REQUIREMENT –
Of the material below, only the lines from the line containing "Nomikuma プルチェック柄 2022" down to the line containing "tłuszczu | |" belong in the answer, written out exactly.

EXTRACTED MATERIAL –
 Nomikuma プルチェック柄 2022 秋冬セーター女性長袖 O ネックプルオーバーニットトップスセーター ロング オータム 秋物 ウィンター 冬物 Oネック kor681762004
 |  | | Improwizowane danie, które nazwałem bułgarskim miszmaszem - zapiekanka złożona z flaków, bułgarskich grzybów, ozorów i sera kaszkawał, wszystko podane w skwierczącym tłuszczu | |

---

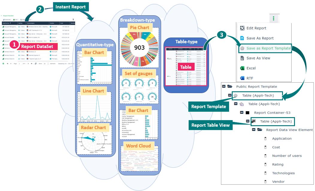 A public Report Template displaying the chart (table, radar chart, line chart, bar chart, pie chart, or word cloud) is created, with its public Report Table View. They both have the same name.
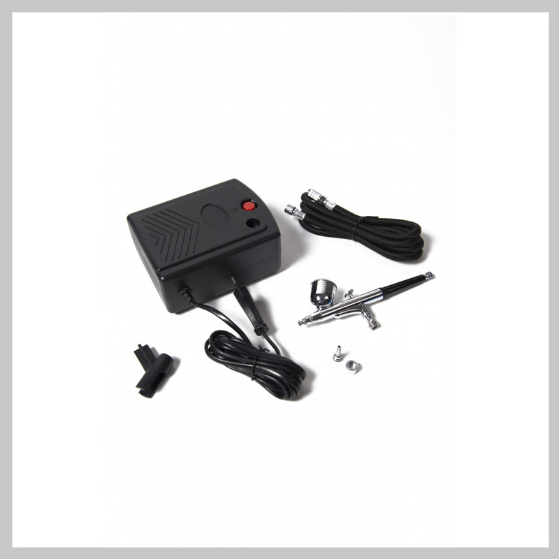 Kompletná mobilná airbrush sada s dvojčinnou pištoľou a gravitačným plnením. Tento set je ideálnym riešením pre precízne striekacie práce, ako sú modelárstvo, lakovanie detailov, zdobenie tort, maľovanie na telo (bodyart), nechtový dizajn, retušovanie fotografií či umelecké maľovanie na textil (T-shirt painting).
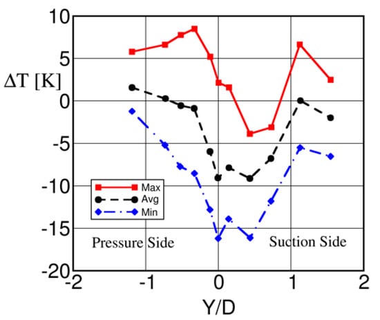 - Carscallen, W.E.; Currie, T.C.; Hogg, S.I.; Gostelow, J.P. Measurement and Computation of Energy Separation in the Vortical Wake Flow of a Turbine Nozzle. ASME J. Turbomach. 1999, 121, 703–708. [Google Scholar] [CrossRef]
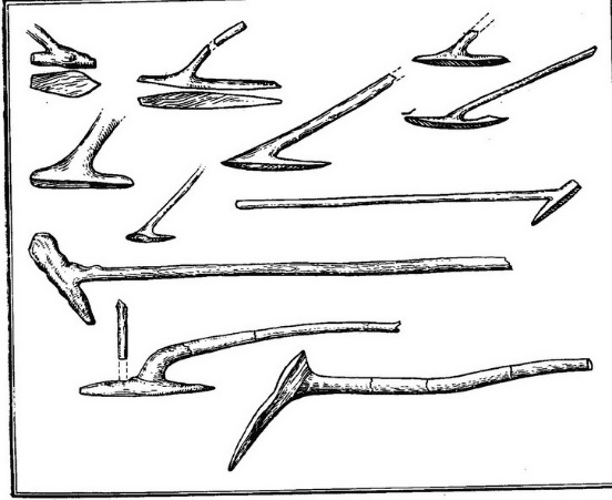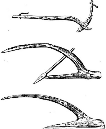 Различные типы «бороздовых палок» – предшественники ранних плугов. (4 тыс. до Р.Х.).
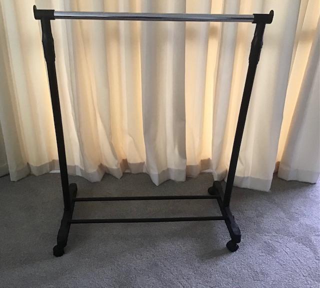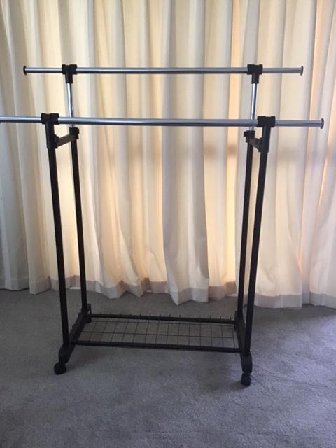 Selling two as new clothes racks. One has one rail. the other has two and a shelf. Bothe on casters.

* * *

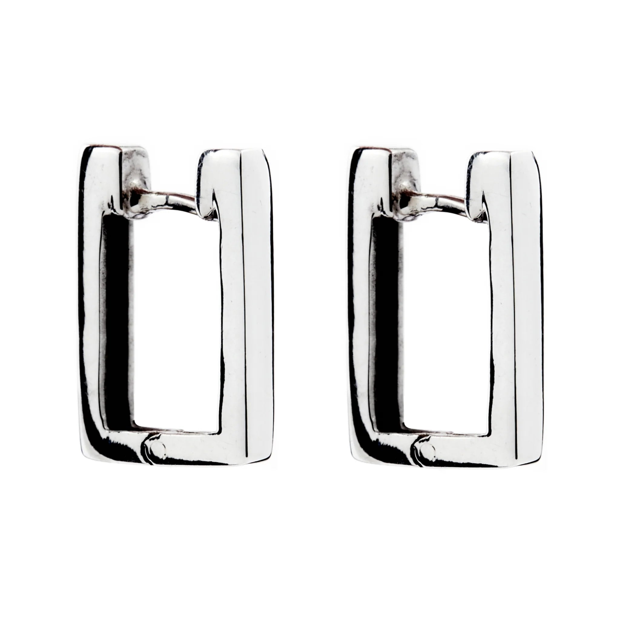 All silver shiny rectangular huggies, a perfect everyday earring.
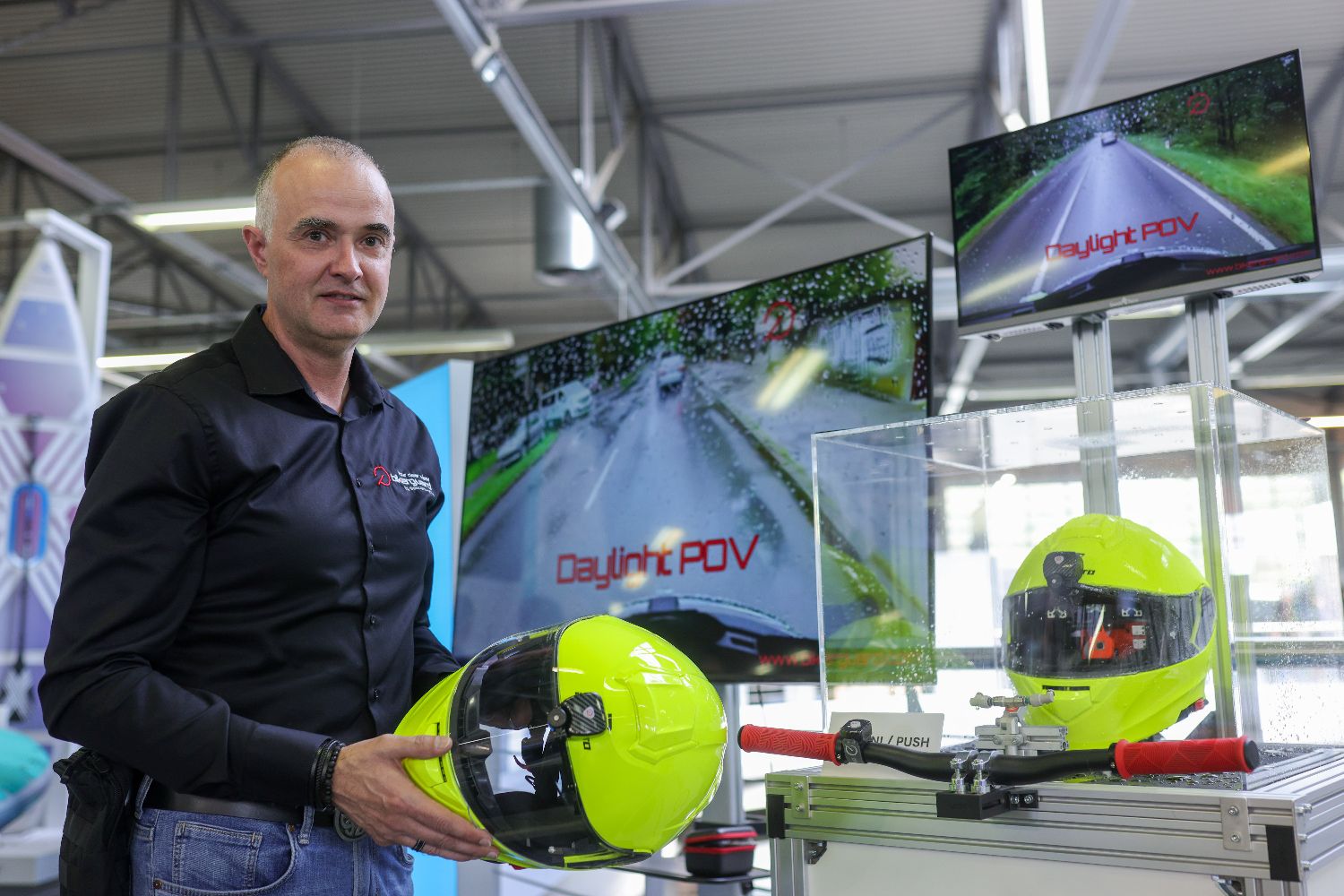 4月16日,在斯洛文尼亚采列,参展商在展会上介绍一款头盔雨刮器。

EXERCISE RESPONSE –
 Nomikuma プルチェック柄 2022 秋冬セーター女性長袖 O ネックプルオーバーニットトップスセーター ロング オータム 秋物 ウィンター 冬物 Oネック kor681762004
 |  | | Improwizowane danie, które nazwałem bułgarskim miszmaszem - zapiekanka złożona z flaków, bułgarskich grzybów, ozorów i sera kaszkawał, wszystko podane w skwierczącym tłuszczu | |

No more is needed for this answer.